Insider Brief
- Classiq, Comcast, and Advanced Micro Devices completed a joint trial demonstrating a quantum algorithm for improving network routing resilience and backup path identification.
- The project tested quantum techniques alongside GPU-accelerated classical simulation using AMD Instinct GPUs to identify independent, low-latency backup paths during network maintenance scenarios.
- The trial combined execution on quantum hardware and accelerated simulation environments to evaluate real-time optimization of complex telecommunications network challenges.
PRESS RELEASE — Classiq, the leading quantum computing software company, Comcast and AMD today announced the completion of a groundbreaking trial aimed at improving Internet delivery by leveraging quantum algorithms to supercharge network routing resilience.
“What our customers want is simple: fast, secure and reliable connectivity, but when you operate a network as large and dynamic as ours, delivering on that promise is complex, especially in the face of growing network demand,” said Elad Nafshi, Chief Network Officer, Comcast Connectivity and Platforms. “We launched these trials with Classiq last year with the goal of understanding how quantum software and technology could tackle real network challenges. Our results have shown that quantum computing for network optimization isn’t theoretical – it’s practical, scalable, and grounded in the needs of our customers.”
About the Trial
The joint trial tackled a fundamental network design challenge: identifying independent backup paths for network sites when implementing network maintenance and change management. The goal being that if a network site is taken offline for routine maintenance, should a second site unexpectedly fail during that window, network traffic could be seamlessly rerouted without any disruption or degradation to customer connectivity. To achieve this outcome, operators must identify unique backup paths that are fast, resilient to simultaneous link failures, and optimized for the lowest latency delivery, a task that becomes exponentially harder to identify as networks grow.

The trial applied quantum techniques, alongside high-performance classical computing, to test whether quantum algorithms could successfully identify unique network backup paths in real-time across change management scenarios. It comprised of execution on quantum hardware and in accelerated simulation environments that made use of AMD Instinct™ GPUs to achieve meaningful computational capacity (qubit scale) not yet possible through quantum hardware alone. With the GPU-accelerated simulations, the teams were able to iterate rapidly and validate algorithm behavior, together with runs executed on quantum hardware to assess implementation success.
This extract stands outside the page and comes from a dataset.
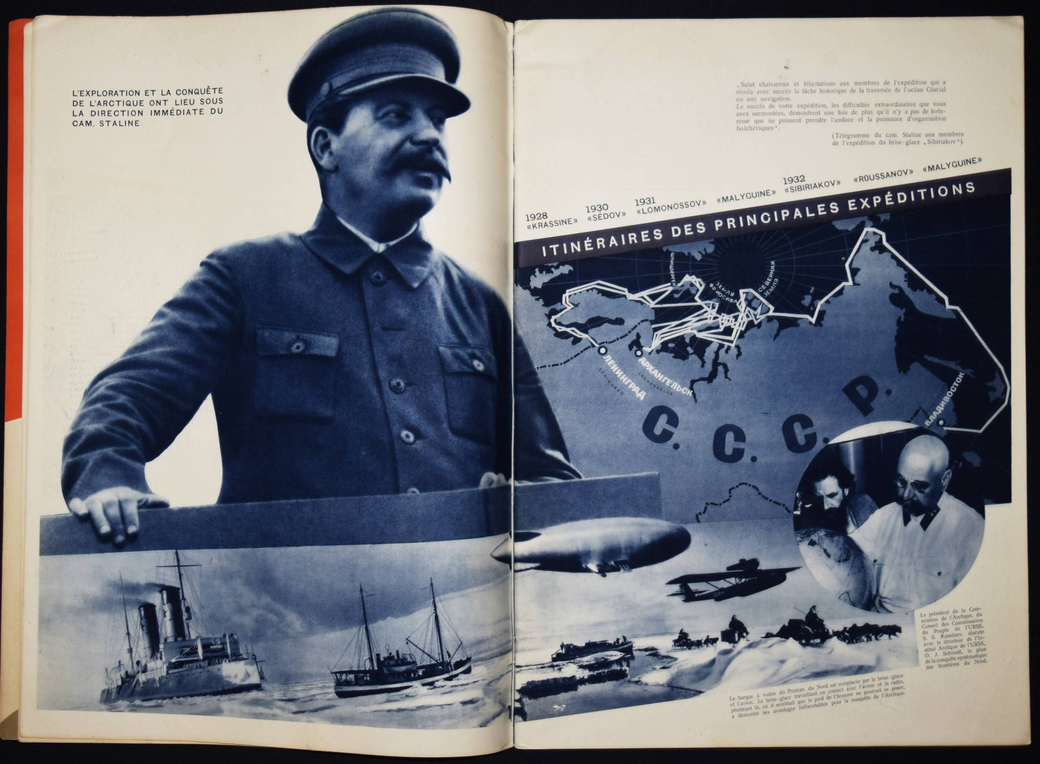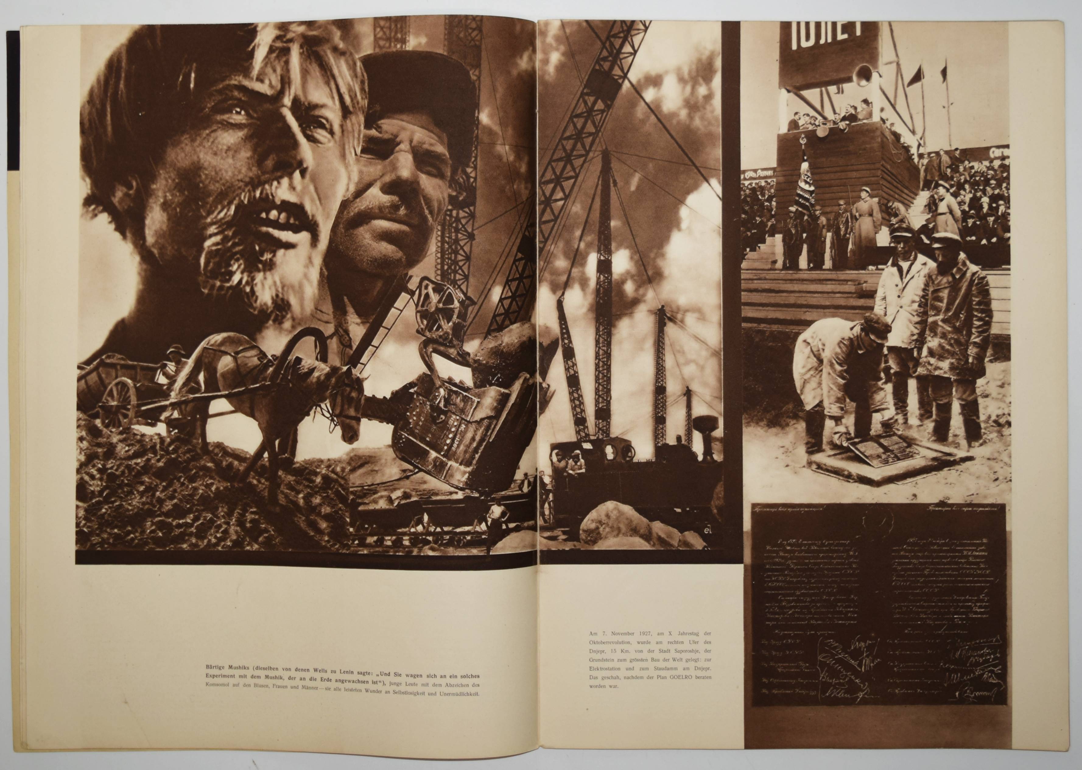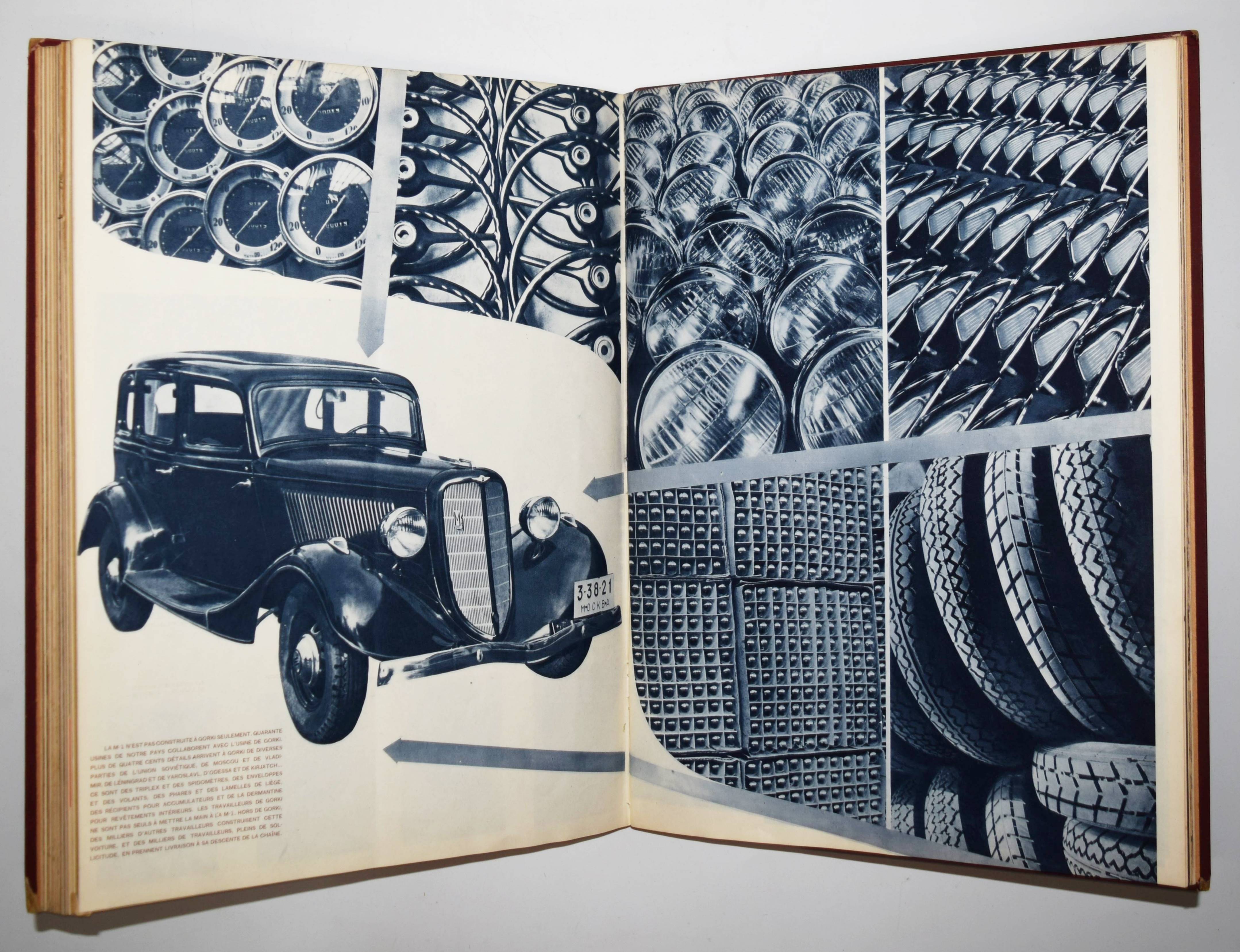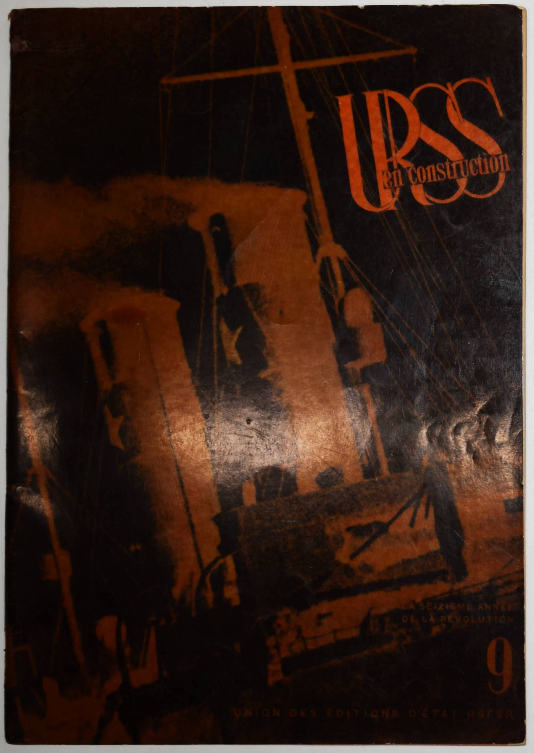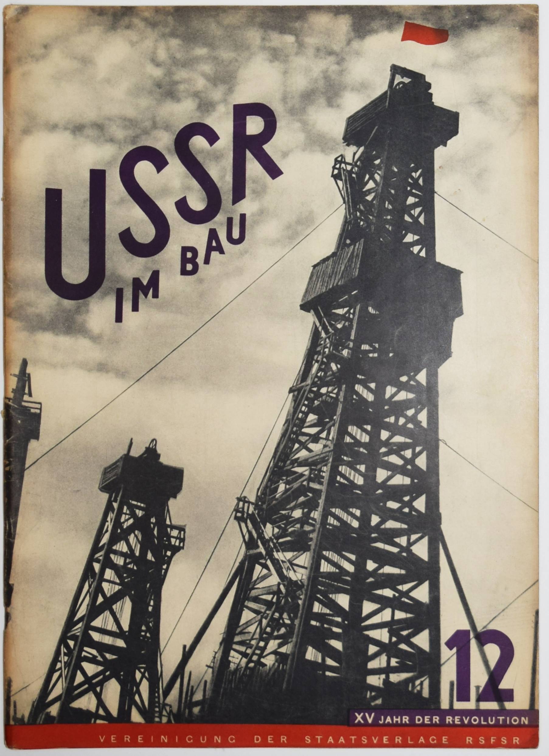 Pjatakov, G(eorgi Leonidowitsch, Editor in Chief). USSR in construction. – URSS en construction. Illustrated monthly magazine. – Revue mensuelle illustrée. – Year 1930 – 1937. – Année 1930 – 1937. 84 issues in 7 volumes and 12 issues unbound (1935). Moscow, State Publishing House of the RSFSR 1930-1937. Folio (43 x 30 cm.). With numerous illustrations and fold-out plates Contemporary linen bindings with gold-embossed spine titles (illustrated covers bound in, cover designs by El Lissitzky, Aleksandr Rodchenko and others). Hellyer 860. Karasik/Heiting 17 ff. Rowell/Wye 242 f. – The first eight volumes of the most important Soviet propaganda magazine. The volumes from 1930 to 1934 are in English and those from 1935 to 1937 are in French; the 1935 volume is available in individual issues. The magazine was published monthly from 1930 to 1949 in five languages (Russian, English, French, Spanish and German). Each issue was dedicated to a different subject, such as food and industrial production, the republic of Georgia, Soviet cinema and elections. – „In the early 1930s photo-reportage became the foundation of the magazine USSR in Construction that „was created as a publication for the popularization of large-scale construction projects by photographic means. But as the magazine grew and developed, the task of ‘popularization’ evolved into that of presenting Socialist reality with dramatic artistry.“ (L. Mezhericher, „Na putiakh k sotsialisticheskomu stiliu fotografii” [“On the way to a Socialist style of photography“], No. 2, p. 14). Well known Soviet designers and photographers worked on USSR in Construction. The industrial spirit of the magazine, expressed in compositionally sharp subjects, panoramas and dynamic shots evokes admiration even today and conveys the atmosphere of enthusiasm that carried along not just the photographers, but also the builders themselves. The creative scale of the construction engendered the photographic epic, a style of monumental artistic photography. The founders of this most successful and high-quality periodical were Gorky and Koltsov“ (Mikhail Karasik). – Binding slightly rubbed, otherwise in very good condition except for slight signs of wear and age.

Review more detailed trial results in this scholarly article authored by the research team and this blog post for quantum developers.
Classiq provided quantum software and engineering support, empowering rapid modeling, optimized implementation and execution across both hardware and simulated environment executions.
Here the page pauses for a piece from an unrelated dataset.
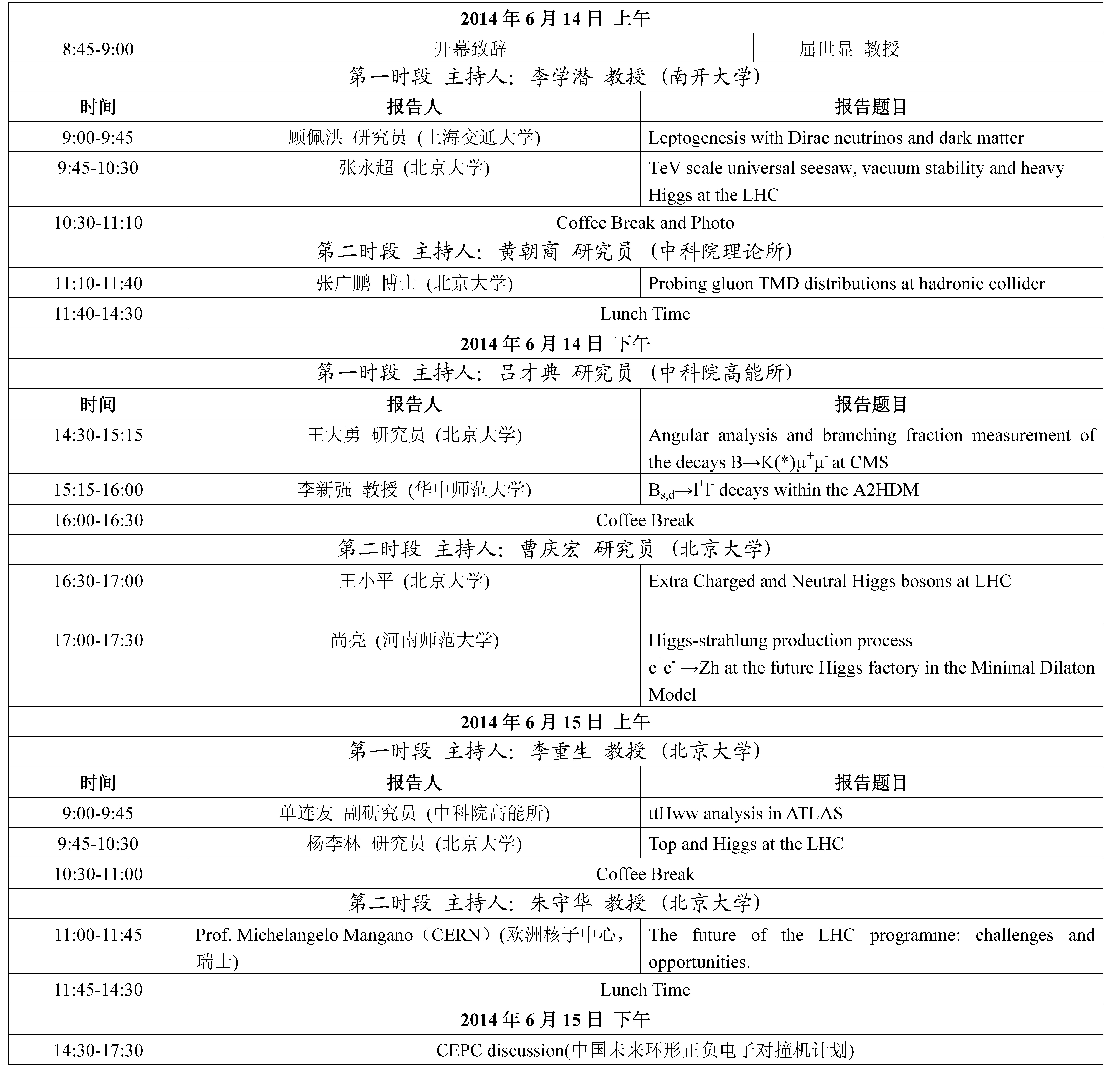 会议题目:第12届大型强子对撞机物理前沿研讨会

Optimization problems in global telecommunications networks represent large combinatorial search spaces that grow exponentially with network size, making them computationally intensive to solve – the perfect challenge for quantum computing.
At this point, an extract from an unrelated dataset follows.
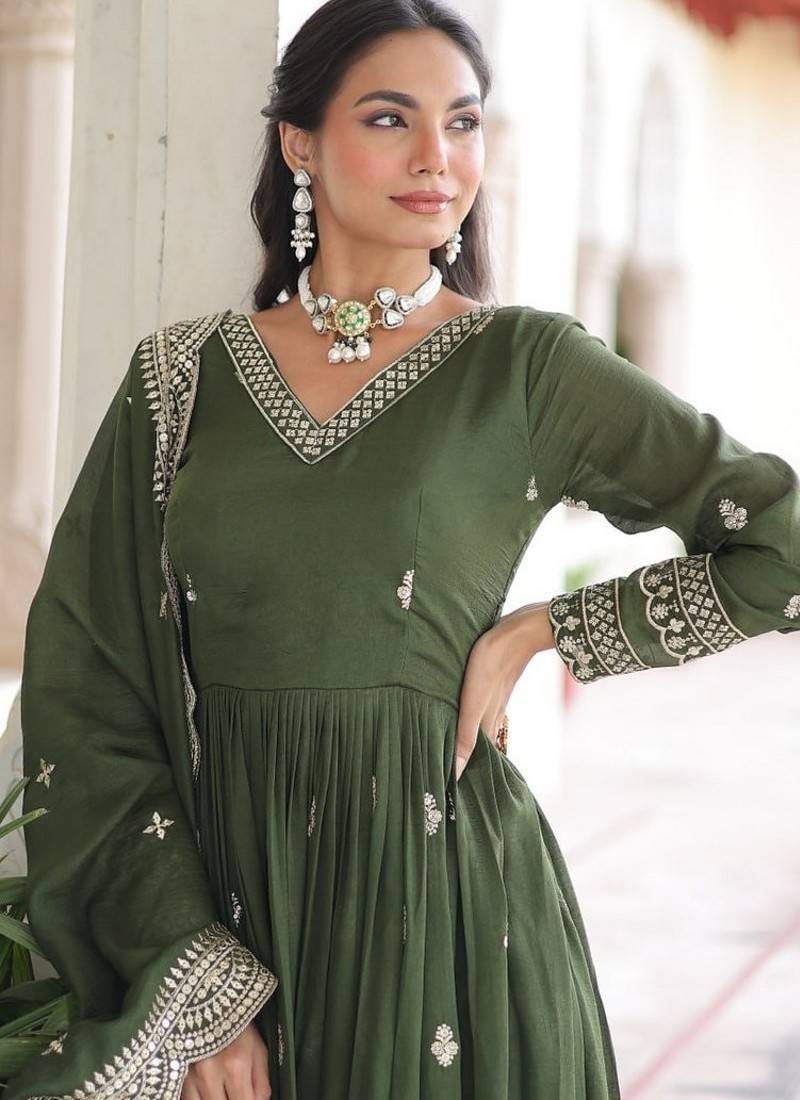 | Product Name | Dark Green Zari & Sequins Embroidered Work Roman Stitched Kurta Gown & Dupatta | |

Enterprise quantum R&D requires rapid iterations and repeatable workflows,” said Nir Minerbi, co-founder and CEO of Classiq. “This collaboration demonstrates how teams can ideate, model complex optimization problems and then run them quickly and efficiently across different backends, including both GPU-accelerated simulation and quantum hardware, while keeping the work portable as the ecosystem evolves.”“The future of computing is a convergence of classical and quantum computing,” said Madhu Rangarajan, corporate vice president, Compute and Enterprise AI Products, AMD. “As a leader in high-performance classical computing, we’re exploring how we take our high-performance computing products and use them to support quantum. This collaboration shows a real-world example of how accelerated simulation and quantum execution can co-exist to solve a problem that matters to network operations.”